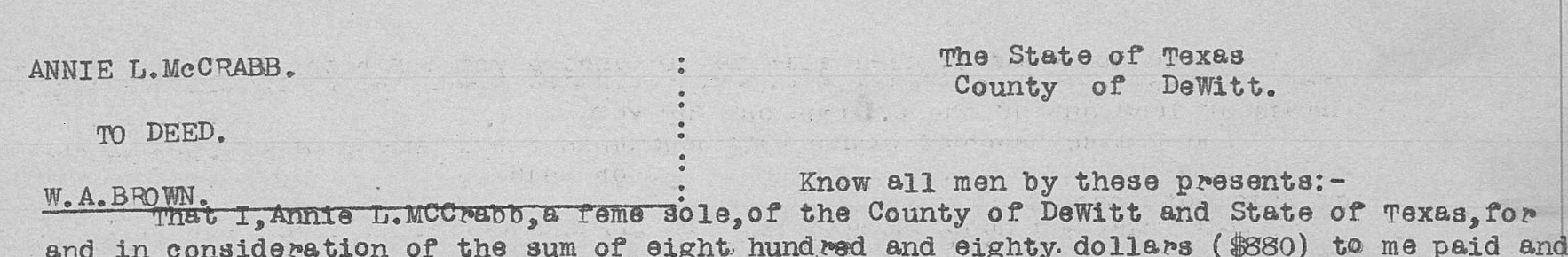 Annie L. McCrabb to W.A. Brown, deed, DeWitt County, Texas; dated 20 October 1906, recorded 22 October 1906; Vol. 58, p. 31, Deed Records of DeWitt County. Annie identified as “a feme sole.”
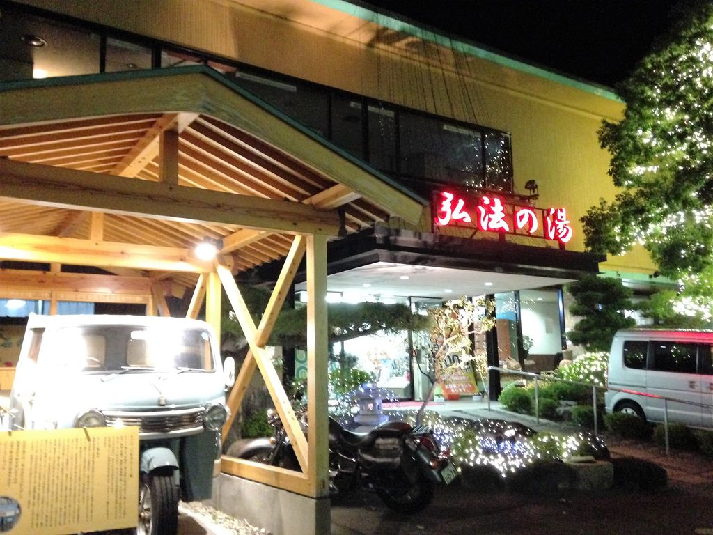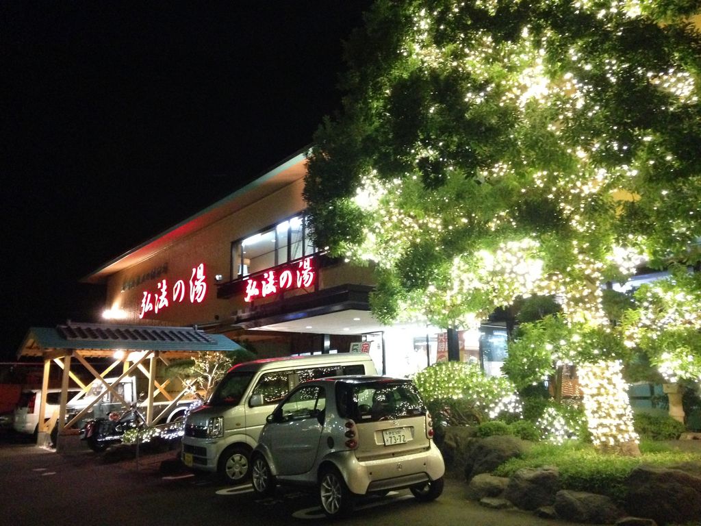 伊豆長岡の温泉街でひときわ目を惹くド派手な施設。それが弘法の湯だ。古奈と長岡に2店舗を構えるが、派手なのは長岡店。豪華なイルミネーションで飾り、毎日がクリスマスのよう。それでいて公式サイトでは「閑静な佇まいでくつろぎのひととき」と言っているのだから、いったい何処が?と突っ込みを入れたくなる。旅館と呼ぶにはカジュアルだし、日帰り入浴としての利用方法や雰囲気は健康ランドにも似ている。
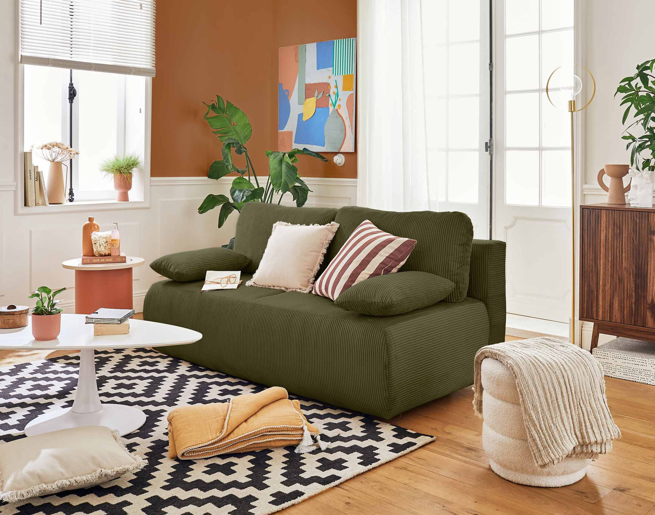 Loutro - canapé 3 places - convertible avec coffre - en velours côtelé
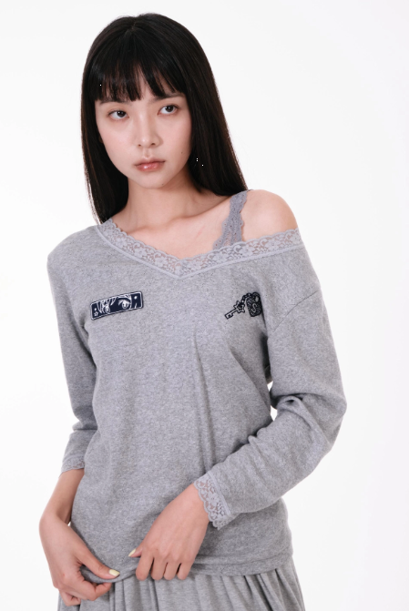 [SHALOM] GOTTI LACE TOP GRAY 正規品 韓国ブランド 韓国通販 韓国代行 韓国ファッション シャローム クラブ shalomclub SHALOM CLUB
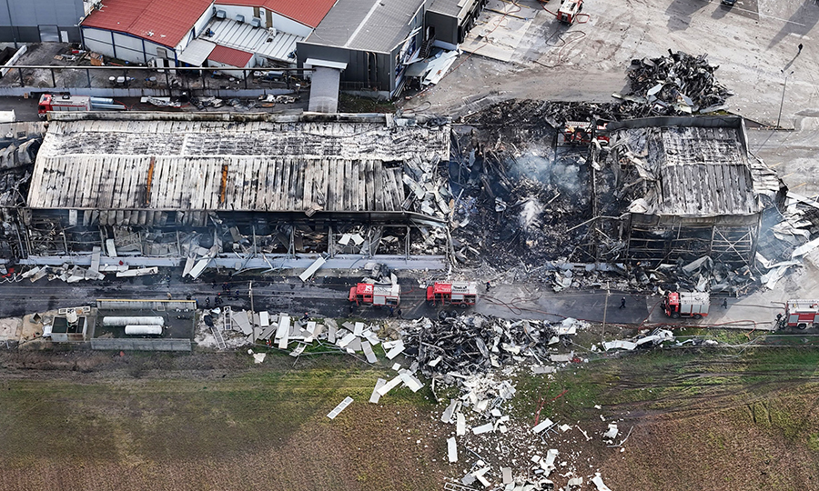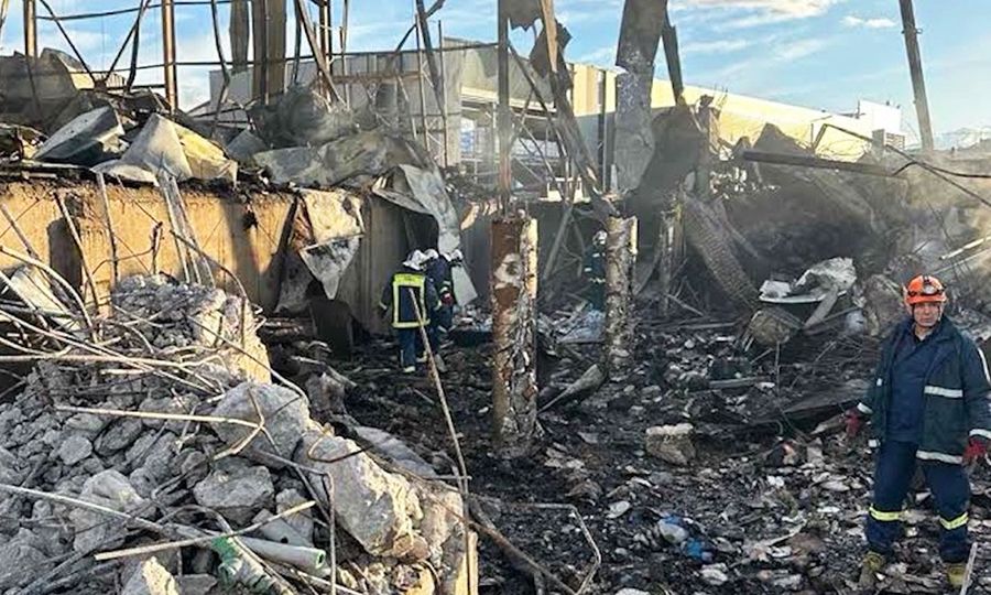 Πανοραμική άποψη της πτέρυγας του εργοστασίου που καταστράφηκε ολοσχερώς. Από την έρευνα της Πυροσβεστικής προέκυψε ότι η έκρηξη οφείλεται σε διαρροή προπανίου από σωλήνα που βρίσκεται κάτω από την επιφάνεια του εδάφους. [INTIME NEWS]
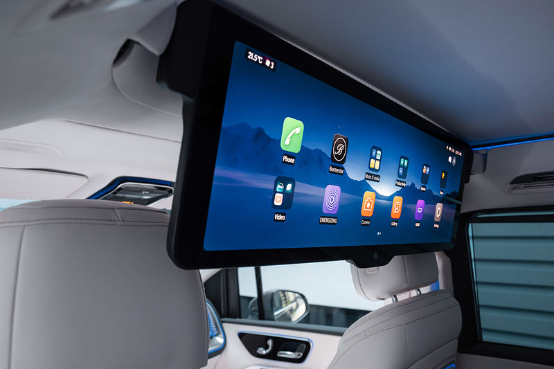 Der VLE verwöhnt seine Fahrgäste mit einem außergewöhnlichen MBUX Fond-Erlebnis (optional). Versteckt im Dachhimmel über den Frontsitzen befindet sich ein ausfahrbarer, 79 Zentimeter (31,3 Zoll) großer Panorama-Screen mit Splitscreen-Funktion. Per Sprachbefehl wie „Hey Mercedes, starte das Kinoerlebnis“ gleitet er aus seiner „Garage“. Gleichzeitig fahren die elektrischen Sitze in eine komfortable Position und die Fensterrollos schließen. Der Bildschirm erwacht zum Leben und verwandelt den Innenraum in einen individuellen Rückzugsort, der als Kino, Gaming-Hub, Konzertsaal, mobiles Büro oder Oase der Entspannung dienen kann.
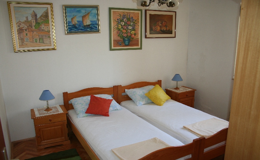 Right in front of Podstrana pebble beach, Nice beachfront apartment in Podstrana has a terrific view on the Brac Channel. The house is literally on the beach, 15 m away from the sea water. Two bedrooms with double beds, together with living room and a bathroom are very convenient space for 4 to 5 people. In addition to apartment, our gusts are free to use private parking and house grill. The kitchen is fully equipped. Besides usual kitchenware it also has an oven.

-*-

** Exercise **
From the very first line of the listing above through the line that holds "Loutro - canapé", write out each line exactly as it stands, leaving pictures out.

** Reply **
 Annie L. McCrabb to W.A. Brown, deed, DeWitt County, Texas; dated 20 October 1906, recorded 22 October 1906; Vol. 58, p. 31, Deed Records of DeWitt County. Annie identified as “a feme sole.”
 伊豆長岡の温泉街でひときわ目を惹くド派手な施設。それが弘法の湯だ。古奈と長岡に2店舗を構えるが、派手なのは長岡店。豪華なイルミネーションで飾り、毎日がクリスマスのよう。それでいて公式サイトでは「閑静な佇まいでくつろぎのひととき」と言っているのだから、いったい何処が?と突っ込みを入れたくなる。旅館と呼ぶにはカジュアルだし、日帰り入浴としての利用方法や雰囲気は健康ランドにも似ている。
 Loutro - canapé 3 places - convertible avec coffre - en velours côtelé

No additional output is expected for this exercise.